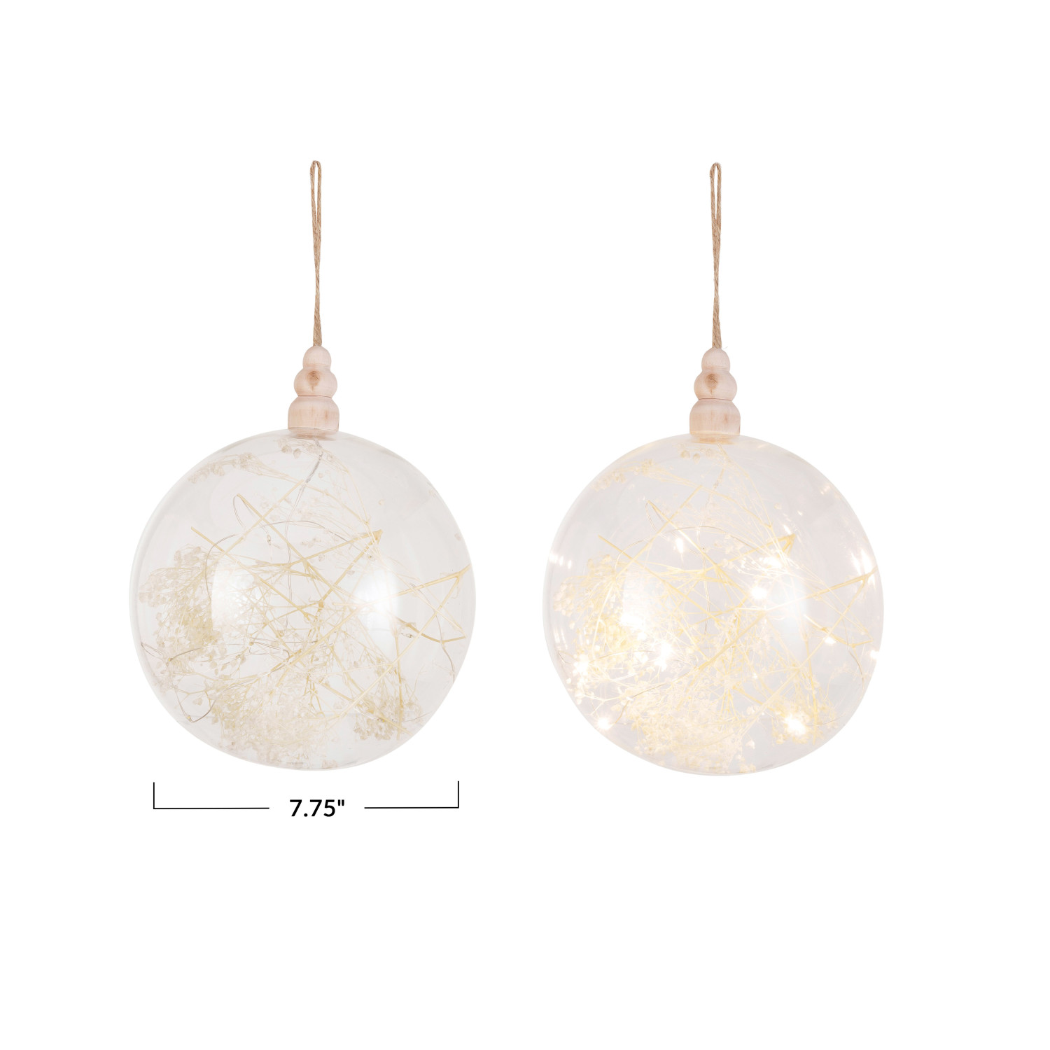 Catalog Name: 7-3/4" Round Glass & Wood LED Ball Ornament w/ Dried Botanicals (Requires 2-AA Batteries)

--

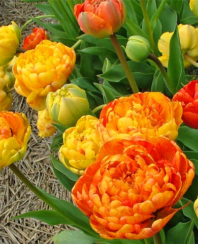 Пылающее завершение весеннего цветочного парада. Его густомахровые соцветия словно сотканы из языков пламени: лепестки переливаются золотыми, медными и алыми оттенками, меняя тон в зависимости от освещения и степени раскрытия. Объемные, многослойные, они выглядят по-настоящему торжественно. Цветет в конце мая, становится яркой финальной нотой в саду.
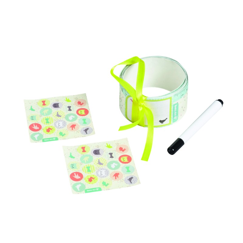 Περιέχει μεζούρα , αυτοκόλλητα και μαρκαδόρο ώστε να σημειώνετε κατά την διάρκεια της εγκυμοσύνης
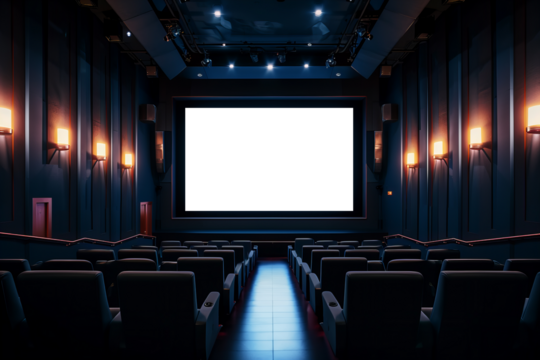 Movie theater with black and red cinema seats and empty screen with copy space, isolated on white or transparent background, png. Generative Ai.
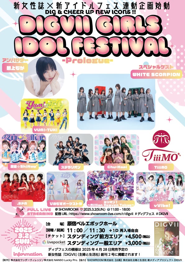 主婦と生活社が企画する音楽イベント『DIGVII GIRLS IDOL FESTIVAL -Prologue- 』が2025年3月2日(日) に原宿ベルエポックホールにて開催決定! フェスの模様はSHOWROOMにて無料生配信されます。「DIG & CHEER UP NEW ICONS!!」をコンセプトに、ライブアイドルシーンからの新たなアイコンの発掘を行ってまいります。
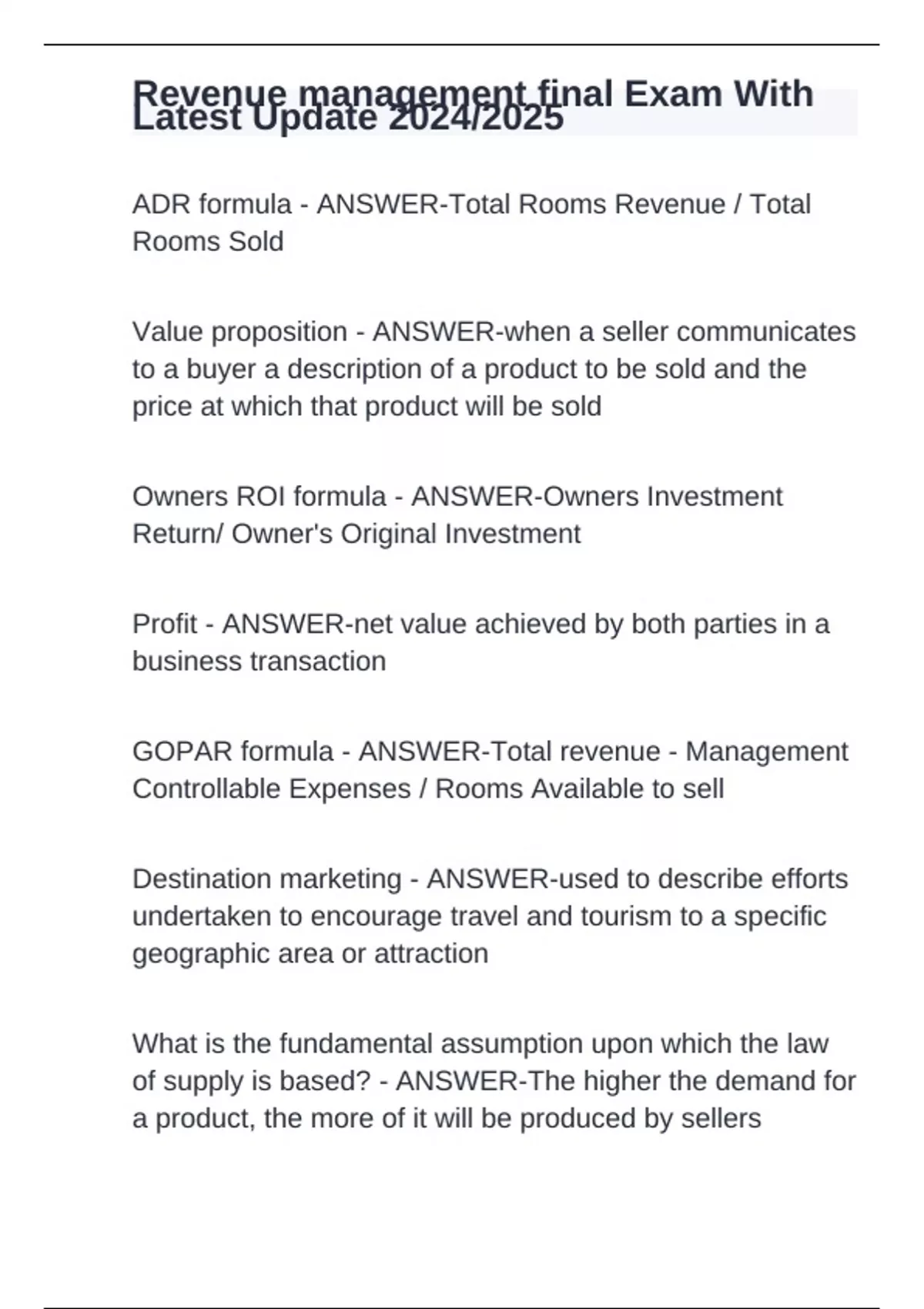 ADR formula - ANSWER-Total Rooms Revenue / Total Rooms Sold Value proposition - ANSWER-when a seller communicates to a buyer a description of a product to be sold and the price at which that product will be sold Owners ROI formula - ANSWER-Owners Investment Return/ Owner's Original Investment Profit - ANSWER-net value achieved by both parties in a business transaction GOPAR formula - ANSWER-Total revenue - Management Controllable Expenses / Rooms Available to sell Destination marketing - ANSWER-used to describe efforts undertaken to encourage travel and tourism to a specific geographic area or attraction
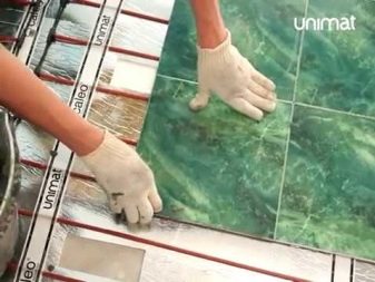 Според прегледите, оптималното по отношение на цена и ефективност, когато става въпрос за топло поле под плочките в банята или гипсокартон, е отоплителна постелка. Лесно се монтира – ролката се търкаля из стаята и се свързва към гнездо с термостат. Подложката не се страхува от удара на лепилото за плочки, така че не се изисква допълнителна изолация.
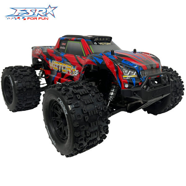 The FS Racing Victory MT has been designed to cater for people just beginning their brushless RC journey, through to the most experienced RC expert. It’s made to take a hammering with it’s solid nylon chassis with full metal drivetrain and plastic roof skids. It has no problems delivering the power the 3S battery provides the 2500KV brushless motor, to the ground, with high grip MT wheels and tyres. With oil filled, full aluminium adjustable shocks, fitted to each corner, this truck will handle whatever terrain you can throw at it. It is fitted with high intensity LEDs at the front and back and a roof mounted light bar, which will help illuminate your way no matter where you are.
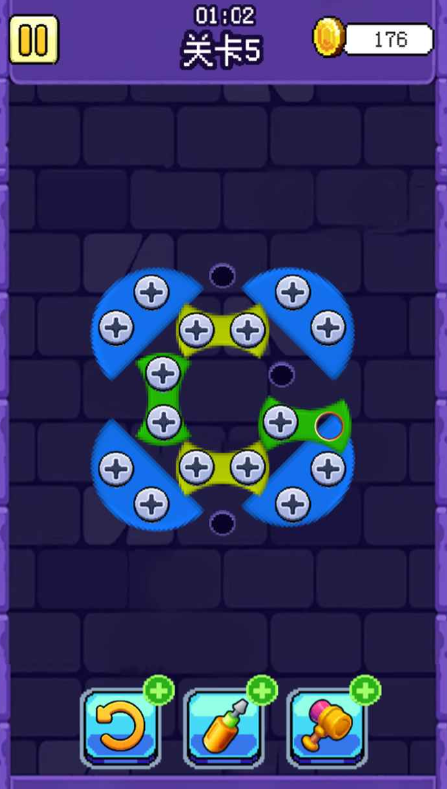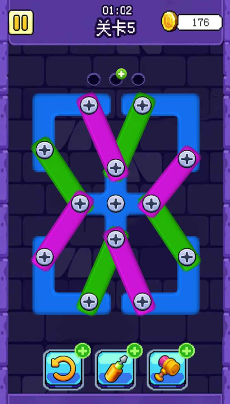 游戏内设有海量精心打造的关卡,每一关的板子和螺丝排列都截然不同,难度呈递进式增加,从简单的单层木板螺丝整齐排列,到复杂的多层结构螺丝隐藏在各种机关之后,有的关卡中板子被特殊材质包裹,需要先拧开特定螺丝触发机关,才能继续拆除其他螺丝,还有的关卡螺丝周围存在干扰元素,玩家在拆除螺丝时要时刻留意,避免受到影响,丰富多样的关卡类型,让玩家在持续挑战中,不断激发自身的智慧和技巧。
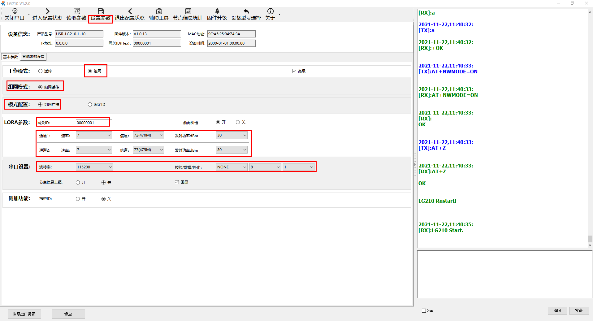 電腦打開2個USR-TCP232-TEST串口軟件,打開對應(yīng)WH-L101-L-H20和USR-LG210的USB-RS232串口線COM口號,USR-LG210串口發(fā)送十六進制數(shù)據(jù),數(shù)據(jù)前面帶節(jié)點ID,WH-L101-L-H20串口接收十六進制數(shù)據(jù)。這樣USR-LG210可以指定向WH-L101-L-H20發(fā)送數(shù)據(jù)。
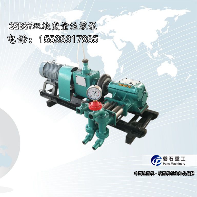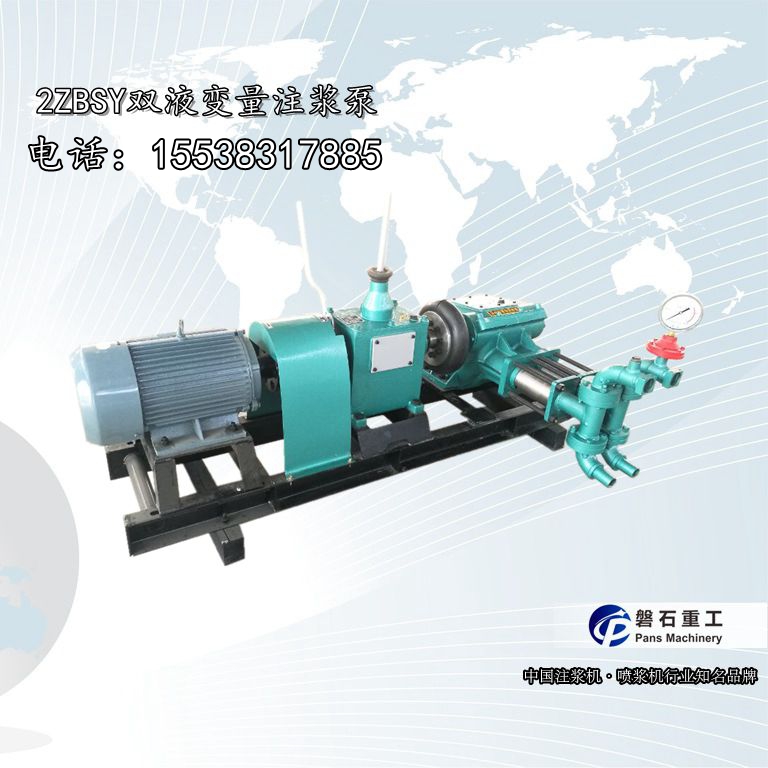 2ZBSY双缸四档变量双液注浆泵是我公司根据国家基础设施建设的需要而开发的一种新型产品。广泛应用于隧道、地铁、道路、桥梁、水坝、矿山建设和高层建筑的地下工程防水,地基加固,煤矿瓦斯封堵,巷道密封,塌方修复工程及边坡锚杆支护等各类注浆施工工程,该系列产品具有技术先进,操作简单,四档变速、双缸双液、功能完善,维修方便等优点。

--

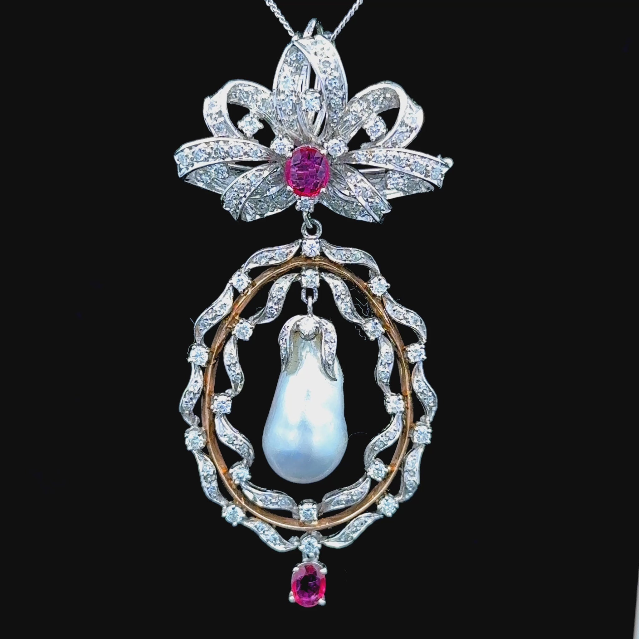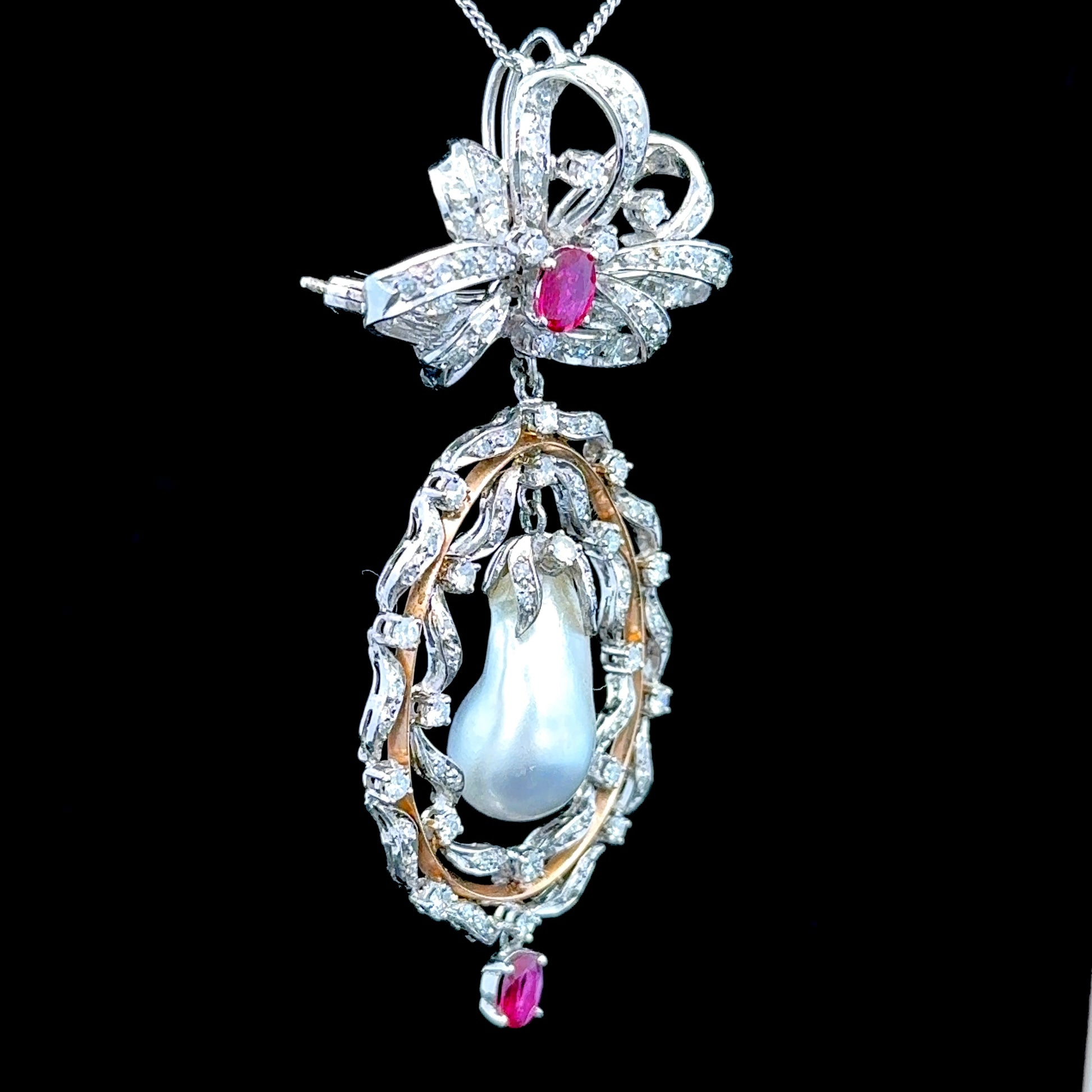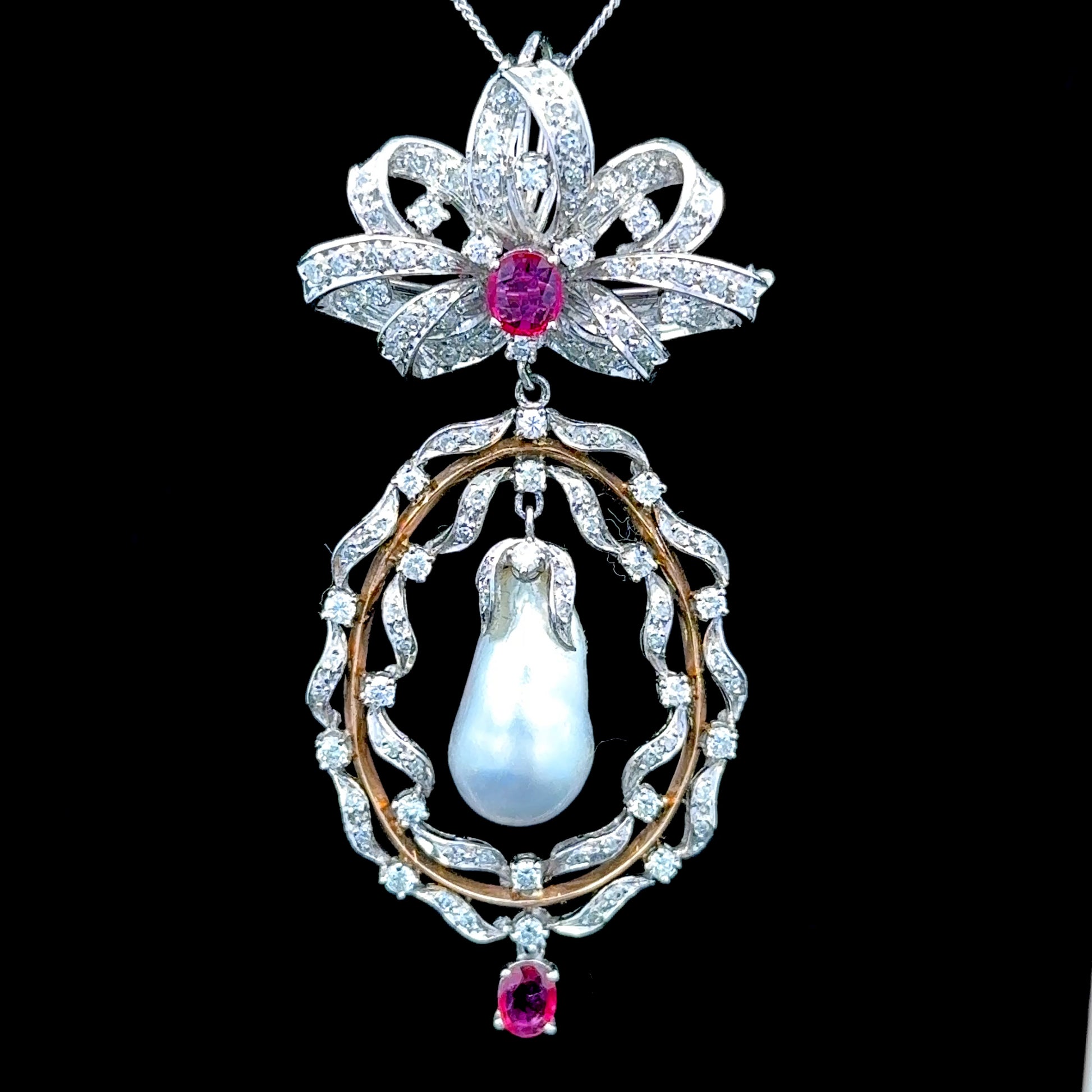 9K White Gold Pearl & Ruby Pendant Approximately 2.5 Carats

_Assignment_
Set the pictures aside and retype exactly the lines above from the line with "Περιέχει μεζούρα , αυτοκόλλητα" to the line with "主婦と生活社が企画する音楽イベント『DIGVII GIRLS IDOL", both included, adding no others.

_Answer area_
 Περιέχει μεζούρα , αυτοκόλλητα και μαρκαδόρο ώστε να σημειώνετε κατά την διάρκεια της εγκυμοσύνης
 Movie theater with black and red cinema seats and empty screen with copy space, isolated on white or transparent background, png. Generative Ai.
 主婦と生活社が企画する音楽イベント『DIGVII GIRLS IDOL FESTIVAL -Prologue- 』が2025年3月2日(日) に原宿ベルエポックホールにて開催決定! フェスの模様はSHOWROOMにて無料生配信されます。「DIG & CHEER UP NEW ICONS!!」をコンセプトに、ライブアイドルシーンからの新たなアイコンの発掘を行ってまいります。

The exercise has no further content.